Tarif décennale en micro-entreprise : les chiffres par activité

La réponse courte

Pour une micro-entreprise du bâtiment, le tarif décennale se situe le plus souvent entre 600 et 1 500 € par an, soit environ 50 à 130 € par mois en cas de paiement fractionné. Cette fourchette correspond aux activités de second œuvre (peinture, plâtrerie, carrelage, électricité) exercées sous statut auto-entrepreneur, avec un chiffre d’affaires modeste et peu ou pas d’antériorité de sinistres. Le tarif décennale en micro-entreprise dépend surtout du métier déclaré, du chiffre d’affaires et de l’expérience justifiée — pas du statut juridique lui-même : à activité et CA identiques, une micro-entreprise et une société paient des primes voisines.

Le détail des tarifs par métier

Le statut auto-entrepreneur ne change pas la grille de risque : c’est l’activité déclarée qui fixe la fourchette de base. Voici les tarifs annuels et mensuels indicatifs pour les métiers les plus courants en micro-entreprise, avant application des coefficients personnels détaillés plus bas.

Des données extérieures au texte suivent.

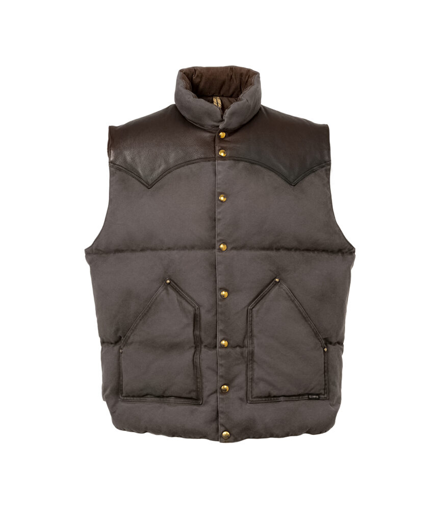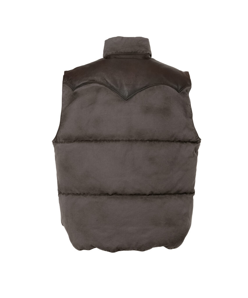 アイコニックなウエスタンヨーク部分には、一枚裁ちの牛革をダークブラウンで配色。スナップボタンやリベットには、エイジングと相性の良いブラス製パーツを採用している。裏地には、Rocky Mountain Featherbed 復活時に開発されたオリジナルの 70 デニール・ナイロンタフタを使用。軽さ・保温性・強度をバランスよく備えた三層構造です。中綿にはヨーロッパ産の撥水ダウンを採用し、ダウン 90%・フェザー10%のバランスで 700 フィルパワーの高い保温性と驚くほどの軽さを実現。アームホールを広めに取り、レイヤードしやすいオーバーサイズシルエットに仕上げた。クラシックな表情を保ちながら、現代のスタイルにも馴染む万能な一着となっている。
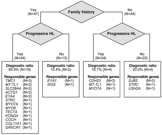 Interestingly, family history and progressive HL appear to be good markers for a higher diagnostic ratio. In this study, a higher diagnostic ratio was achieved in 19 (55.9%) of 34 patients with both a family history and progressive HL, even though most of these cases had late-onset mild-to-moderate HL. Among these 19 cases, 13 cases were diagnosed with autosomal dominant inheritance gene-associated HL, and 3 cases were diagnosed with maternal inheritance. In general, autosomal dominant non-syndromic HL is considered to be associated with post-lingual-onset, progressive HL [12], and our results were consistent with this hypothesis.
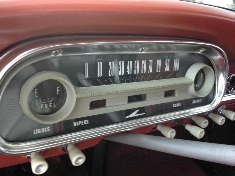 The new cluster lens I purchased from PG Classic Restoration Parts has made a huge difference in the appearance of the interior along with the new steering wheel and horn ring. A new shift collar was bought to replace the worn out collar and painted Rangoon Red along with the shift lever, steering wheel and column.
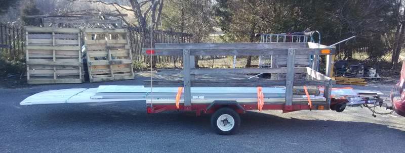 Sometime back I mentioned a load of metal roof panels that I planned on counterbalancing with concrete. I only got six panels this load and only used two fifty pound bags that are under the front tie down. Trailer is 8' and the panels are 13'6" There are also a few 2 x 4 x 8s under the metal.
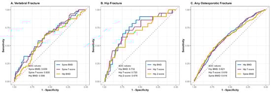 When considering fractures at different sites, discrimination ability was limited (AUCs ranging from 0.560 to 0.621; Table 8). Femoral neck BMD and T-scores showed the highest discriminatory performance, but sensitivity and specificity did not exceed 65% at the optimal cut-offs.
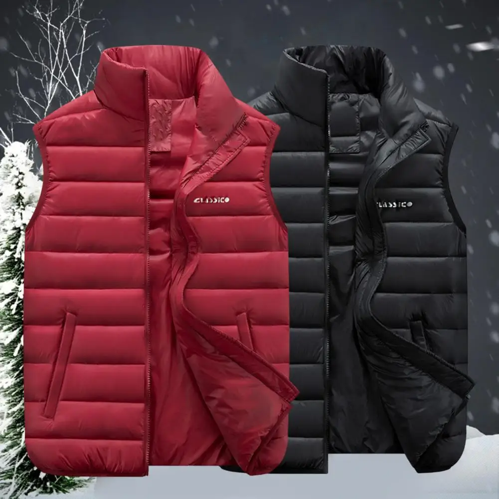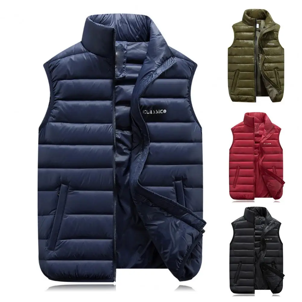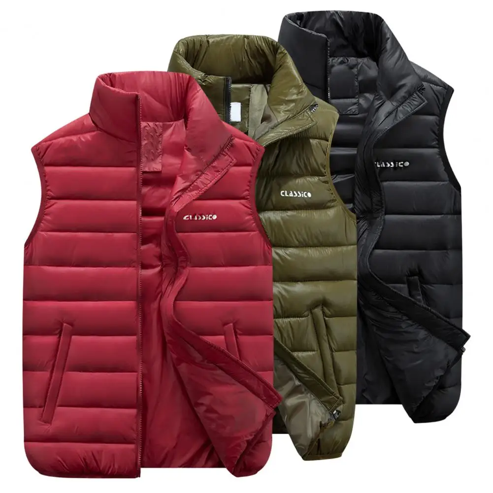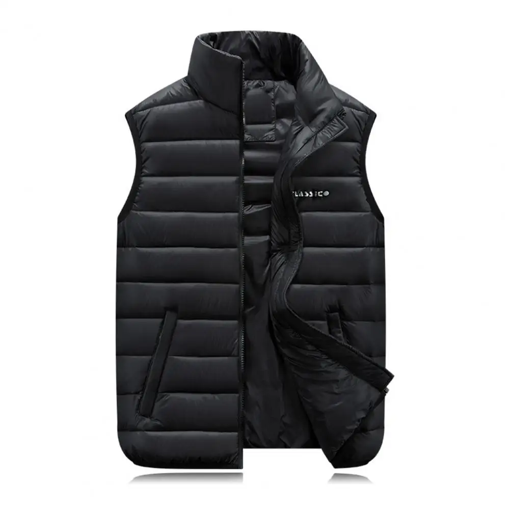 Comprar Chaqueta Popular sin mangas para hombre, chaleco de Color sólido con bolsillos y cremallera, a prueba de frío
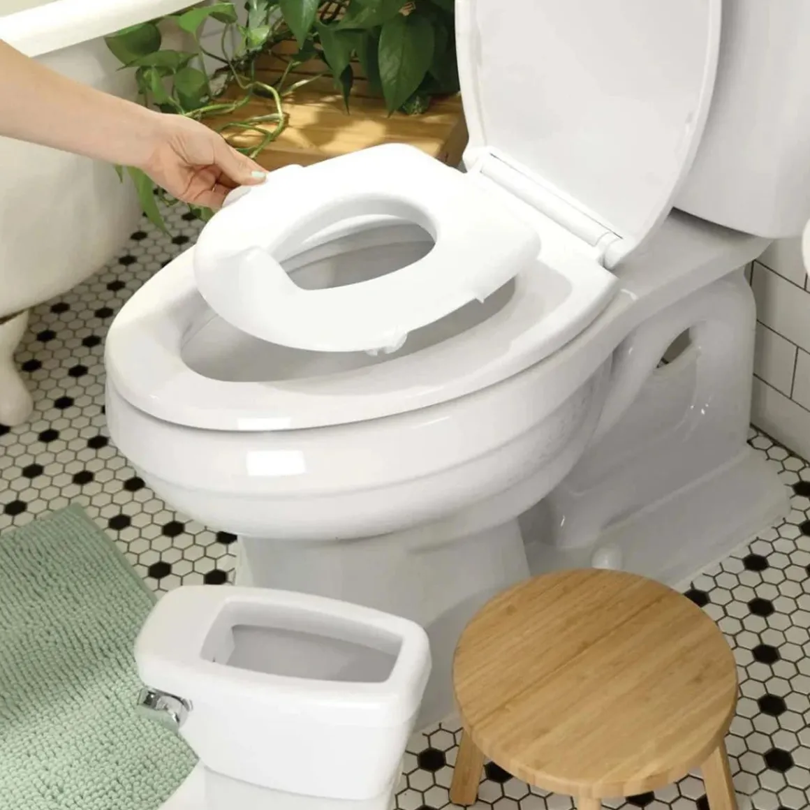 Potty training is easier (and more fun) with the Summer by Ingenuity My Size Potty Pro. Designed to look and feel like a real adult toilet, the My Size Potty Pro is a toddler floor potty that helps to ensure a comfortable and confident progression to the real thing. The chrome-style toddler potty handle makes a realistic flushing sound that rewards your little one for a job well done. The removable potty topper can be used as a toddler toilet seat on an adult toilet to help your toddler become a potty training pro. A built-in storage compartment is spacious enough to hold books, a tablet, wipes, and anything else your little one needs to promote healthy habits during the potty training process. With a removable bowl and integrated splash guard, the My Size Potty Pro is easy to clean – perfect for all of toilet training’s messy moments.

Activité Fourchette annuelle Fourchette mensuelle (fractionné)
Peintre / décorateur 700 – 1 400 € ~58 – 120 €
Plaquiste / plâtrier 800 – 1 600 € ~67 – 135 €
Carreleur 900 – 1 800 € ~75 – 150 €
Électricien 900 – 1 800 € ~75 – 150 €
Plombier / chauffagiste 1 000 – 2 000 € ~85 – 170 €
Menuisier 1 200 – 2 500 € ~100 – 210 €
Multiservice 1 200 – 2 600 € ~100 – 220 €
Auto-entrepreneur second œuvre (synthèse) 600 – 1 500 € ~50 – 130 €

Ces montants sont des ordres de grandeur pour un profil de référence (3 à 10 ans d’expérience, CA 40-70 k€, sans sinistre). Ils s’ajustent ensuite selon votre situation réelle. Pour les métiers de gros œuvre ou techniques (maçonnerie, couverture, photovoltaïque), les tarifs sont sensiblement plus élevés — consultez le hub métiers pour la grille complète.

Les facteurs qui font varier le prix

Cinq critères pèsent dans le calcul d’une prime décennale, avec des poids très différents.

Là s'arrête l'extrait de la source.